Relevanssi has been working nicely for the normal usecase. But how does one setup indexing of attachment files. When someone searches by a file name or an extension like pdf, there are no results. I have enabled ‘attachment’ at Relevanssi ‘Indexing options’ and still there are no results.

Relevanssi doesn’t index attachment file names. For attachments, Relevanssi indexes title and description.

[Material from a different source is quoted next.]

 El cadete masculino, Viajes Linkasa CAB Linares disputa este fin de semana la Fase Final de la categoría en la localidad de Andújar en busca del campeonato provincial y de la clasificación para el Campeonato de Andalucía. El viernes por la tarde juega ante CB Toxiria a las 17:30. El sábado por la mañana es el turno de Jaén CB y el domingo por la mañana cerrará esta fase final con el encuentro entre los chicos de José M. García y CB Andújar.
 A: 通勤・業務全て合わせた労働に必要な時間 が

However, adding the file name to the Relevanssi index is simple using the relevanssi_content_to_index filter hook. Add this function to your site and rebuild the index:

add_filter( 'relevanssi_content_to_index', 'rlv_add_filenames', 10, 2 );
function rlv_add_filenames( $content, $post ) {
    if ( 'attachment' === $post->post_type ) {
        $content .= ' ' . basename( $post->guid );
    }
    return $content;
}

Notice that by default Relevanssi replaces periods with spaces, so “sample.pdf” is indexed as “sample pdf”. That should not be a problem, as also in searching “sample.pdf” becomes “sample pdf”.

However, if you are using OR search, this can lead to lots of useless results when searching for one pdf will match all pdfs.

Originally asked here.

7 comments Indexing attachment file names

  1. I have post type named: asset
    It has a custom field named: attachment-asset
    So, how to I index by filename of the files attached in the custom field?
    Is it possible in the free version?

    1. Use the relevanssi_content_to_index filter hook as described on the page. It works in the free version as well. How to exactly get the filename from your custom field depends on how the data is stored and so on, so I can’t comment on that.

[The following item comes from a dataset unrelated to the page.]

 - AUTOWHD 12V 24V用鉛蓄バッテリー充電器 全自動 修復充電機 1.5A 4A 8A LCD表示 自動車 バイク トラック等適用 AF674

  2. Is there a way to do the opposite ? It look like it’s now a default behavior… I was searching for “2020” and it find all the files uploaded in 2020

    It look a bit weird, because the search result like that:

    …standard no edgtf-masonry-image-square no standard edgtf-masonry-image-square no social_networks standard edgtf-masonry-image-square no standard edgtf-masonry-image-square no standard edgtf-masonry-image-square no standard edgtf-masonry-image-square no no no no no sidebar-33-right yes https://www.clientdomain.ca/wp-content/uploads/2020/11/takeno.jpg no yes header-bottom…

    It set to expand on sortcode and all, but since the url is in the shortcode, I found it to be problematic.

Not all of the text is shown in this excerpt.